A flood of feedback

OK, OK, so my article on the esteros of Manila found the city baked in an extended summer, with little evidence of that element that tests our patience and waterproofing every year – rain. This is exactly the very point I wanted to make, that we should make hay while the suns shines… or rather, dredge and clear our canals while the weather permits. Maybe the new MMDA head honcho will give this some thought.

In the meantime, I received a flood of feedback from readers and other parties who were hyperlinked to my laptop (I travel a lot). Many Dilimanians wrote in to share memories and lament the passing of the UP of old. The others wrote about their memories of the esteros and the memorable structures that lined the university’s once clean banks.

Let’s start with this e-mail from a biologist, Benjamin Vallejo Jr., who wrote:

Dear Mr.

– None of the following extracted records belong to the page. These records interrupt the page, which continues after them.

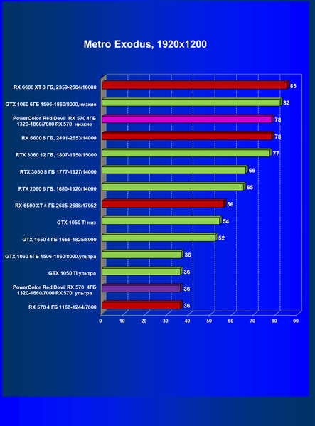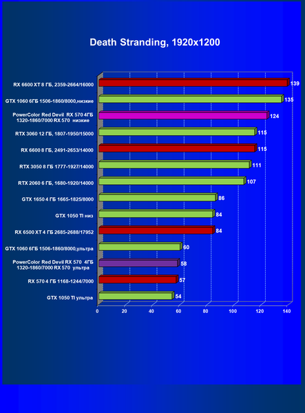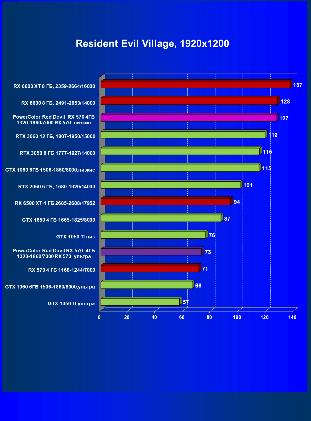 Из-за того, что у продукта Powercolor частоты работы чуть-чуть выше референс — номинала, он оказался выше в нашем рейтинге, и за счет заводского разгона по производительности приближен к GTX 1060. Видеокарта отлично себя показывает в разрешении Full HD, но на низких настройках графики (мы помним, что речь идет о самых новых и очень сложных по графике популярных играх). При этом в некоторых играх на высоких или средних настройках эта карта все же неплохо тянет.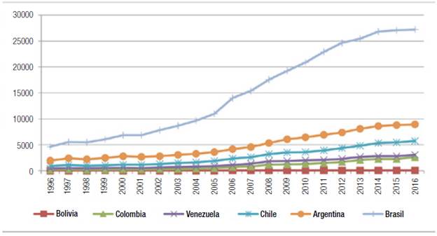 Figure 2: Comparison of the level of scientific production in Bolivia, Colombia, Venezuela, Chile, Argentina and Brazil. 1996-2016.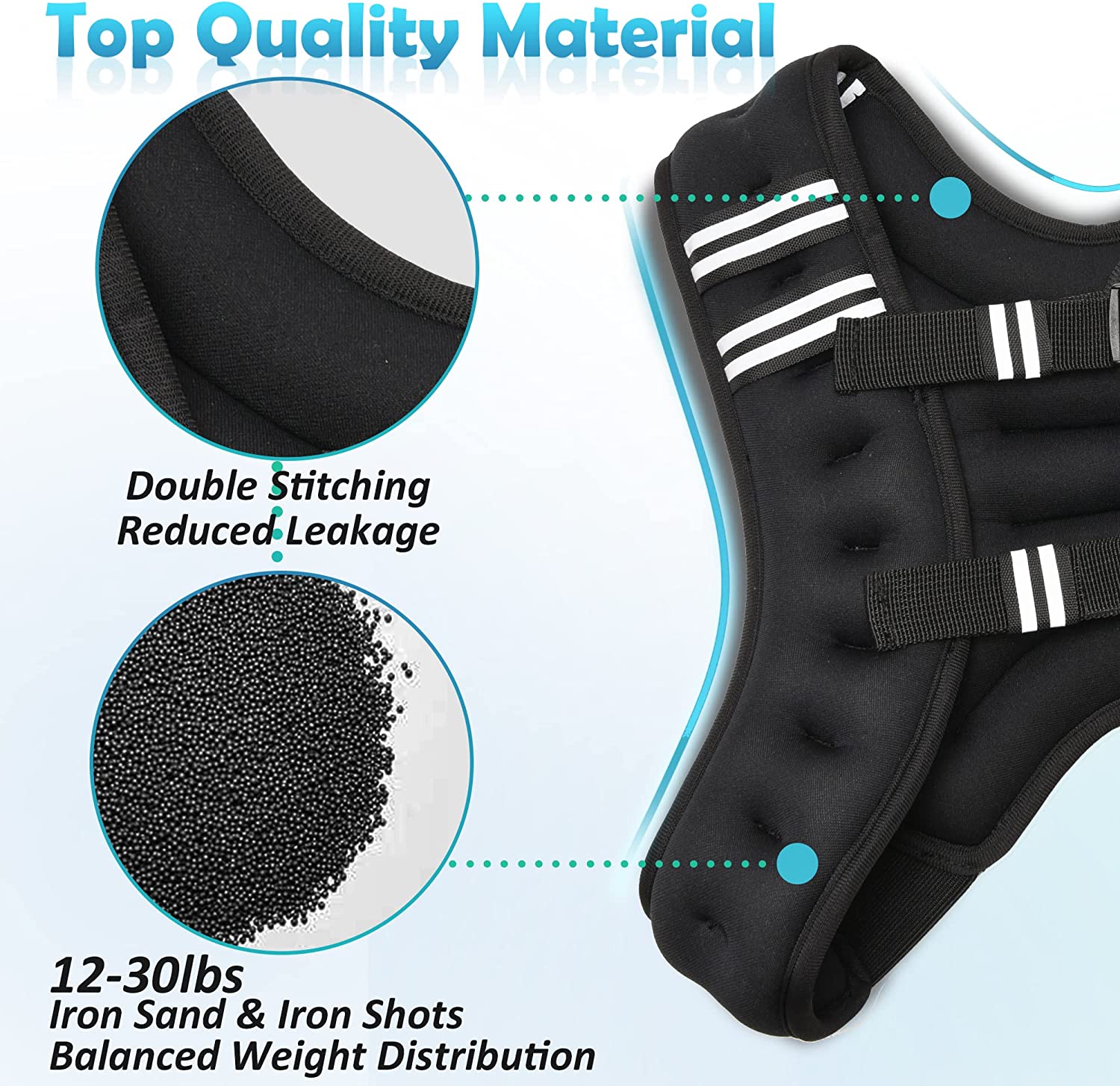 PACEARTH Weighted Vest with Ankle/Wrist Weights 6lbs-30lbs Body Weight Vest with Reflective Stripe, Size-Adjustable Workout Equipment for Strength Training, Walking, Jogging, Running for Men Women

Alcazaren,


It was interesting to learn that the central part of the UP Academic Oval was intended to be an artificial lake. If it had pushed through, we would have seen something like the tidal basin of Washington DC, with Quezon Hall and the Main Library reminiscent of the Jefferson and Lincoln Memorials. Instead of cherry blossoms fringing the banks, we would have flame trees.

Well, what we have now is the famous UP lagoon that is better called a sewage treatment pond. Generations of biology majors have at one time sampled water from this classic example of eutrophication. In the process, most, if not all, of them would fall into the wash! I suppose no one would get a biology degree from UP without falling into this cesspool.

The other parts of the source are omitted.